John Herring

Personal information
- Born: 10 April 1935 Lewisham, Greater London, Great Britain
- Died: 7 October 2003 (aged 68) Lavenham, Suffolk, England
- Height: 1.80 m (5 ft 11 in)
- Weight: 53 kg (117 lb)

Sport
- Sport: Athletics
- Event: 5000 m
- Club: Blackheath Harriers

= John Herring (athlete) =

British runner (1935–2003)

John Bryan Herring (10 April 1935 – 7 October 2003), was a British athlete who ran in the 1964 Summer Olympic Games. He was assistant director of the Crystal Palace National Sports Centre, a member of the London Marathon organising team and a long-time member of Blackheath and Bromley Harriers Athletic Club.

==Competitive career==
He was a member of Blackheath Harriers.

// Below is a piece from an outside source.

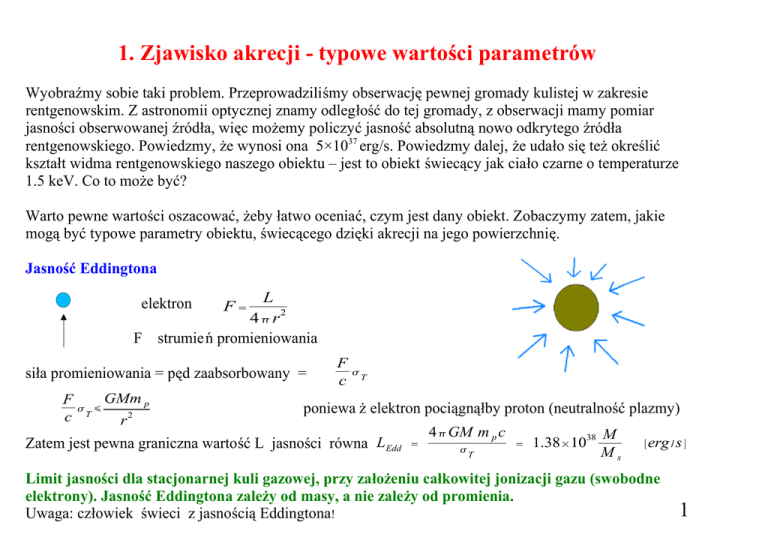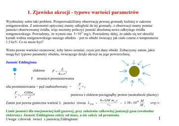 1. Zjawisko akrecji - typowe wartości parametrów Wyobraźmy sobie taki problem. Przeprowadziliśmy obserwację pewnej gromady kulistej w zakresie rentgenowskim. Z astronomii optycznej znamy odległość do tej gromady, z obserwacji mamy pomiar jasności obserwowanej źródła, więc możemy policzyć jasność absolutną nowo odkrytego źródła rentgenowskiego. Powiedzmy, że wynosi ona 5×1037 erg/s. Powiedzmy dalej, że udało się też określić kształt widma rentgenowskiego naszego obiektu – jest to obiekt świecący jak ciało czarne o temperaturze 1.5 keV. Co to może być? Warto pewne wartości oszacować, żeby łatwo oceniać, czym jest dany obiekt. Zobaczymy zatem, jakie mogą być typowe parametry obiektu, świecącego dzięki akrecji na jego powierzchnię. Jasność Eddingtona L 4 r2 strumień promieniowania elektron F F= siła promieniowania = pęd zaabsorbowany = F c T GMm p r2 F c T poniewa ż elektron pociągnąłby proton (neutralność plazmy) Zatem jest pewna graniczna wartość L jasności równa LEdd = 4 GM m p c T = 1.38 × 1038 M Ms [ erg / s ] Limit jasności dla stacjonarnej kuli gazowej, przy założeniu całkowitej jonizacji gazu (swobodne elektrony). Jasność Eddingtona zależy od masy, a nie zależy od promienia. Uwaga: człowiek świeci z jasnością Eddingtona! 1 1. Zjawisko akrecji - typowe wartości parametrów Promień R= R R Schw R Schw R Schw = 2.95 × 10 3 M [m] MS Minimalna skala czasowa Koherentne zmiany mogą zachodzić wtedy, gdy obszar pozostaje w związku przyczynowym, t.j. min = R = 10 c 5 R R Schw M Ms [s] a więc w skali mikrosekund dla gwiazdy neutrowej czy 1000 s dla supermasywnej czarnej dziury. Wydajność akrecji = 1 R Schw 2 R nie zale ży od masy obiektu Tempo akrecji Eddingtona ˙ 4 GM m p 1 14 M = 1.3 × 10 [ kg / s ] M c = L L Edd c T Ms ponieważ to wprowadzamy Tempo akrecji odpowiadajace jasności Eddingtona zależy od wydajności akrecji, a więc od tego, czy akrecja następuje np. na białego karła czy na gwiazdę neutronową. Czasami więc wprowadza się definicję tempa akrecji Eddingtona bez uwzględnienia wydajności (i.e. jakby zakładając wydajność 1, co jest trochę mylące). ˙ 2 M Edd = 2 1. Typowe wartości parametrów cd. Maksymalna energia fotonów emitowanych przez akreujący gaz Zakładając, że cała energia spadającej radialnie cząstki zostaje zamieniona na 1 foton, otrzymamy związek E max = GMm p R = 470 MeV R Schw R lub w formie temperatury, z relacji E=kT, T max = 6 × 1012 R Schw R [K] Taki mechanizm zakłada, że akreująca plazma plazma jest optycznie cienka, uciekające fotony nie oddziałują z materią, a widmo powstającego promieniowania nie ma wtedy kształtu charakterystycznego dla ciała czarnego. Ta górna granica nie realizuje się w praktyce. W każdym razie nie zależy ona od masy obiektu, a zalezy od zwartości. Minimalna temperatura fotonów emitowanych przez akreujący gaz Najwydajniejszą formą świecenia jest świecenie ciała doskonale czarnego ono osiąga najniższą temperaturę przy zadanym strumieniu promieniowania. Jest to dobre przybliżenie dla ośrodka optycznie grubego, osiągającego równowagę termiczną materii i promieniowania. L = T 4bb R2 (albo 4 keV) co można przekształcić do 1/2 L 1 4 R Schw T bb = 4 × 10 L Edd R 7 / Ms 14 M / [K] Teraz można odpowiedzieć na pytanie zadane na początku wykładu odnośnie źródła w gromadzie kulistej. Jest nim albo gwiazda neutronowa, albo gwiazdowa czarna diura, ponieważ pasują jasność i temperatura. Dalsze rozróżnienie czarnej dziury od gwiazdy neutronowej stanowi już poważny problem, o czym potem. 3 1. Typowe wartości parametrów cd. Pole magnetyczne Charakterystyczna wartość pola magnetycznego o gęstości energii takiej jak gęstość energii 2 promieniowania B L = 2 8 4 R c R Schw L 1 2 M s 1 2 B = 4 [G ] R L Edd M co po przeliczeniu można wygodnie wyrazić jako Zatem pole magnetyczne skaluje się nie z masą, a z pierwiastkiem. / / Ewolucyjna skala czasowa Tempo wzrastania masy centralnej w wyniku stacjonarnej akrecji ewol = M ˙ M co wygodnie wyrazić jako ewol = 1 L Edd 3 × 10 L 8 [ lat ] Tak ocenione tempo ewolucji nie zależy od masy obiektu centralnego i jest takie samo dla gwiazdy jak i dla supermasywnej czarnej dziury w cenrum galaktyki. Jest on zaledwie kilkukrotnie krótszy od wieku Wszechświata (ok. 12-14 miliardów lat), jeśli wydajność akrecji jest rzędu 10%. DYGRESJA: W praktyce nie wszystko jest takie proste. Na przykład niektóre akreujące białe karły raczej zmniejszają, a nie zwiększają, masę ponieważ w trakcie powtarzających się wybuchów termojądrowych (zjawisko gwiazdy nowej) odrzucają więcej masy niż zaakreują pomiędzy wybuchami. Otrzymane relacje pozwalają na oszacowanie parametrów obiektu, gdy obserwacje pozwalają na określenie przynajmniej kilku z nich. 4 2. Wyznaczanie parametrów z obserwacji Jasność Największy problem stanowi pomiar odległości - generalnie jeden z największych problemów w astronomii. Przykład. Długo toczyła się dyskusja o odległościach i jasnościach błysków gamma - rozbłysków pojawiających się erratycznie na niebie w przypadkowych kierunkach, izotropowo, trwających od ułamka sekundy do kilkuset sekund. Rozkład przestrzenny oraz zależność liczby rozbłysków od jasności obserwowanej sugerowała pochodzenie albo z halo galaktycznego, z odległości ok. 100 kps (1ps = 3×1018 cm), albo z odległości kosmologicznych, czyli ok. 10 Gps. W pierwszym przypadku typowe jasności wynosiłyby 1041 erg/s, a w tym drugim 1051 erg/s - różnica dziesęciu rzędów wielkości! Dopiero kilka lat temu obserwacje wykonane przez teleskop Beppo-SAX doprowadziły do precyzyjnego określenia pozycji kilku błysków gamma (np. GRB970508), następnie ich identyfikacji ze źródłami pomieniowania w innych zakresach widmowych, w tym do odkrycia poświat w zakresie optycznym, co pozwoliło na określenie odległości w oparciu

In 1964 he was ranked fourth in the UK behind Mike Wiggs, Fergus Murray and Bruce Tulloh.

He represented Britain over 5000 metres in the 1964 Summer Olympics when Tulloh withdrew with measles.

He remained a member of Blackheath Harriers for 50 years and in 2015 still holds the club record for Men Masters (over 40) mile	at 4.23.3 set on	30 July 1975.

===Personal Bests ===

| Date | Distance | Time | Venue |
|---|---|---|---|
| 20 Jun 1965 | 3000 metres | 8:02.2 | Warsaw, Poland |
| 22 Jul 1964 | 2 miles | 8:37.6 | London, UK |
| 14 Aug 1964 | 5000 metres | 13:51.4 | London, UK |

==Athletics Administration==
From 1970 to 1987 he held the post of assistant director at the Crystal Palace National Sports Centre.
He became involved with the International Athletes' Club (IAC) and in his capacity as chairman of the IAC he became race director for the first IAC Coca-Cola sponsored invitation meeting at Crystal Palace in the early 1970s.
 The venue became the London home of athletics meetings when White City Stadium was demolished.

After the successful first running of the London Marathon he was brought into the marathon's management team. He was responsible for the start for 12 years from 1982. From 1994 to 1996 he was the Marathon's course manager and from 1996 he was a consultant to the Marathon.